Social Security Disability Insurance provides benefits to people who are considered disabled and have paid enough money into the Social Security system. The dependent family members of SSD beneficiaries, such as spouses or children, may also receive dependent Social Security benefits. Many people in Chicago do not realize that, after a divorce, a beneficiary’s ex-spouse may still be entitled to collect this type of benefit.
An SSD beneficiary’s earnings record does not have to exceed a special threshold to support ex-spouse’s benefits. If the beneficiary receives SSD benefits, the ex-spouse can also collect benefits, as long as the following conditions are met:
- The ex-spouse is at least 62 years old.

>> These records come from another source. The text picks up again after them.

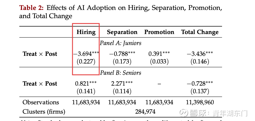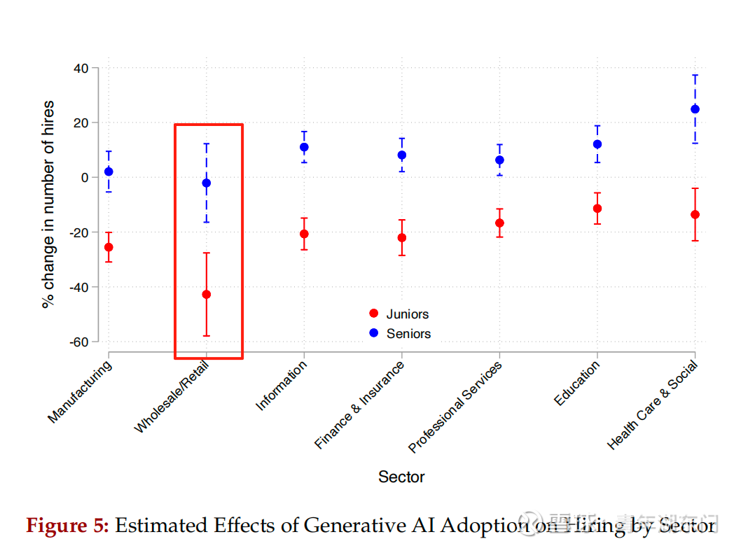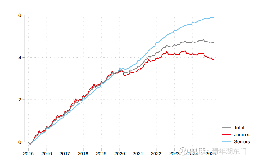 数据的结果是冷酷的。在采用AI的公司里,初级岗位的就业人数相较对照组断崖式下跌。六个季度后,差距拉大到 7.7%。与此同时,高级岗位不仅没有受到冲击,反而增长更快。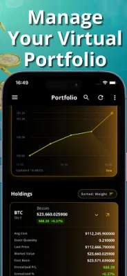 The app also offers a virtual portfolio simulation, where users can build and manage a complete portfolio with simulated money. This allows for testing different strategies, tracking allocations, and measuring performance against real market conditions. It is a risk-free way to practice execution and learn from results.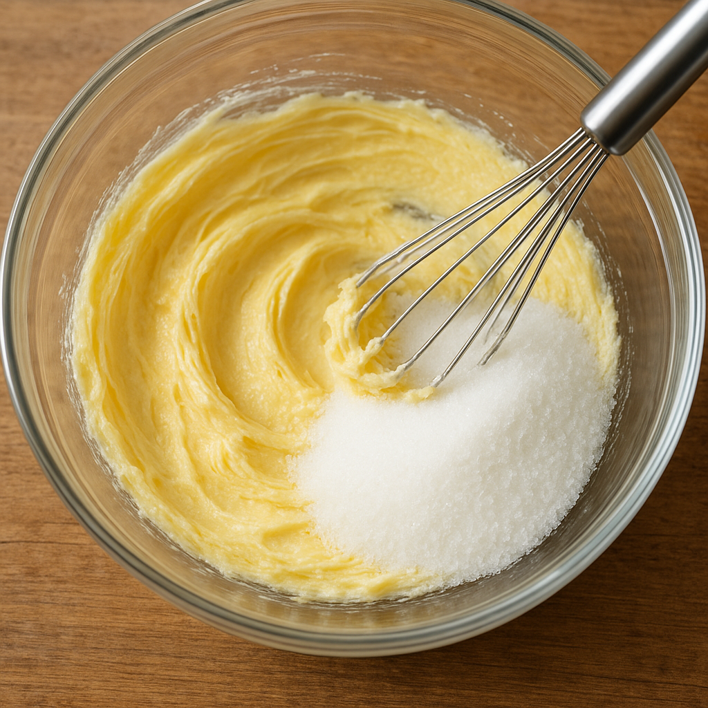 실온 버터를 부드럽게 풀고 설탕을 넣어 윤기 날 때까지 섞기

- The marriage lasted more than a decade.
- The ex-spouse is not eligible to collect a larger benefit based on a personal earnings record or the earnings record of someone else.
- The ex-spouse has not remarried.
If the disabled spouse does not currently receive SSD benefits, another criterion applies. The spouses must be divorced for at least two years before the disabled spouse files the claim, or the ex-spouse cannot collect a benefit.
An ex-spouse may also qualify for a mother’s or father’s benefit if he or she cares for the beneficiary’s child. The child must suffer from a disability or be younger than age 16. If the child is older than 22 and disabled, the condition must have developed before age 22.
Factors affecting benefits
In some cases, an ex-spouse’s new marriage may not result in permanent benefit loss. If an ex-spouse marries someone else who collects benefits, such as survivors benefits, the ex-spouse’s benefit eligibility is not affected. Additionally, if an ex-spouse marries again and the marriage ends in divorce, annulment or death, the ex-spouse may be able to resume collecting benefits off the beneficiary’s earnings record.
The remarriage of the beneficiary has no impact on the ex-spouse’s benefit entitlement or award amount. Furthermore, an ex-spouse can receive benefits even if a beneficiary’s other dependents, such as a current spouse, also collect benefits. The benefit an ex-spouse receives has no effect on the benefit that the beneficiary’s current spouse or children receive, and vice versa.
Sometimes, an ex-spouse’s own work history may impact his or her benefit amount. If an ex-spouse once worked a government job that did not pay Social Security taxes, the ex-spouse’s SSD benefit is generally reduced by two-thirds of his or her monthly pension payment.
Spouse’s benefits are not awarded automatically. Ex-spouses must contact the Social Security Administration to apply. After providing proof of personal identity and the marriage, ex-spouses who qualify for benefits should receive them without further consideration.